As aerospace giant Boeing prepares to cut its workforce by 10 percent, it’s warning Colorado that some of those layoffs will be at its facilities in the state.
In a letter to Colorado employment officials, the company said it will lay off 63 employees in Denver, El Paso and Arapahoe counties. The layoffs will take effect in mid-January.
Boeing announced in October that it planned to cut around 17,000 jobs in the coming months. CEO Kelly Ortberg told employees the company must “reset its workforce levels to align with our financial reality.”
The cuts are spread across Boeing’s commercial, defense and global services divisions. According to Colorado’s Labor Department, the company’s Colorado offices work on satellite telecommunications, as well as engineering and technical support services.
The company is struggling to recover from financial and regulatory trouble as well as an eight-week strike by its machinists' union.
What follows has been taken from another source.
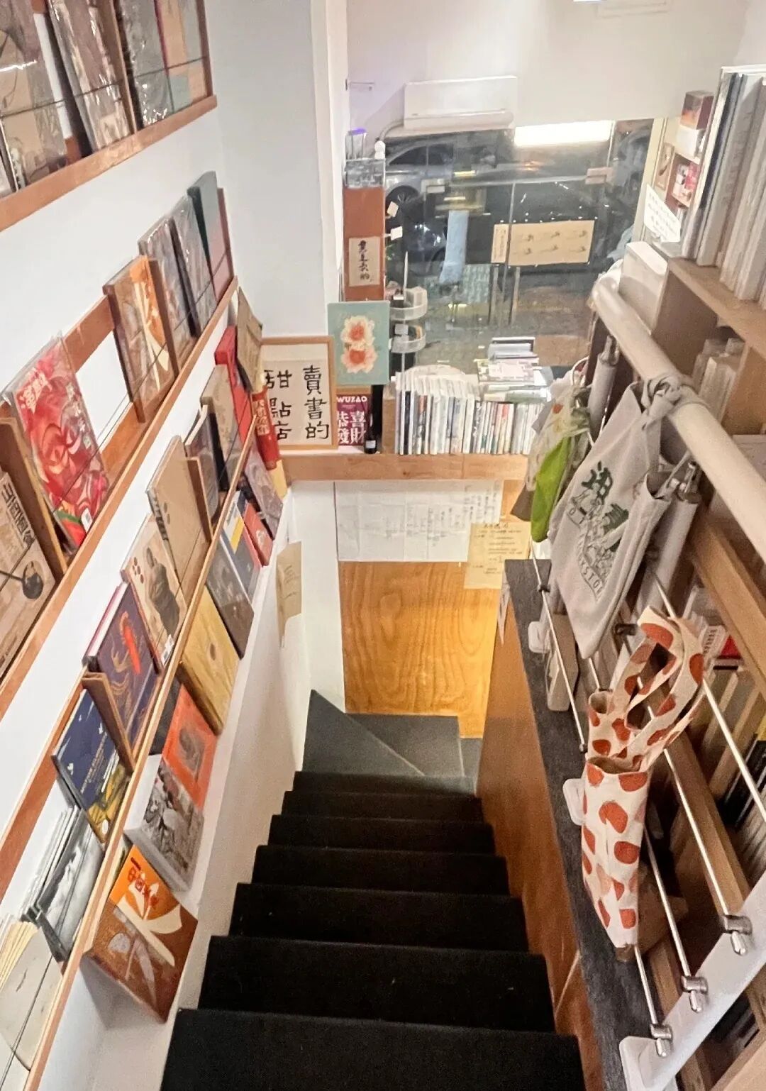 楼梯旁的墙壁也被精心布置,每一处细节都透露着店主对这家书店的用心。

It has already delivered layoff notices to more than 400 members of its professional aerospace labor union, the Seattle Times reported.
Boeing’s unionized machinists began returning to work earlier this month following the strike.
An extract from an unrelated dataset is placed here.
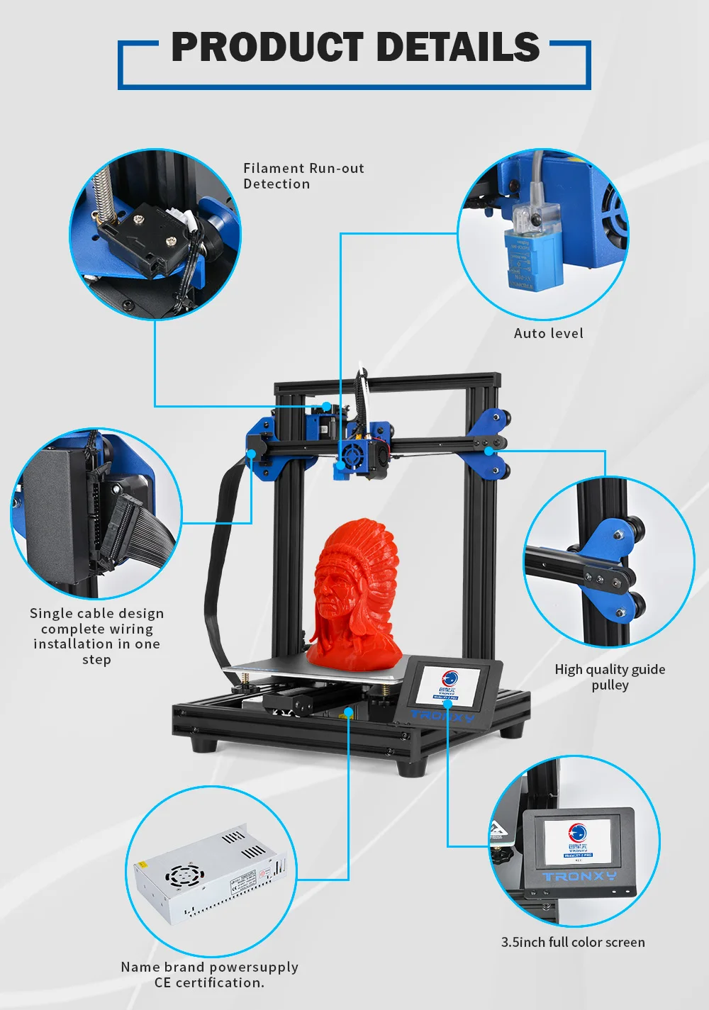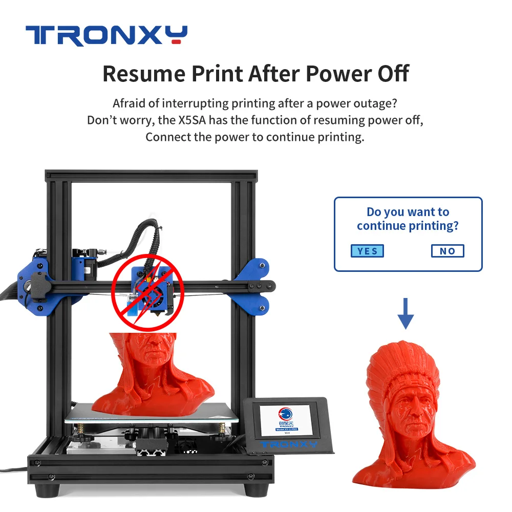 2. Три важных функции ------- 1) Автоматическое выравнивание, помогает избежать многих проблем с выравниванием. 2) возобновите печать после выключения питания. 3) Обнаружение истощения нити, когда нить вымотана или отключена, принтер будет автоматически приостановлен, чтобы обеспечить плавную печать

The strike strained Boeing’s finances. But Ortberg said on an October call with analysts that it did not cause the layoffs, which he described as a result of overstaffing.
Boeing, based in Arlington, Virginia, has been under greater regulatory scrutiny and in financial straits since a panel blew off the fuselage of an Alaska Airlines plane in January. Production rates slowed to a crawl, and the Federal Aviation Administration capped production of the 737 MAX at 38 planes per month, a threshold Boeing has yet to reach.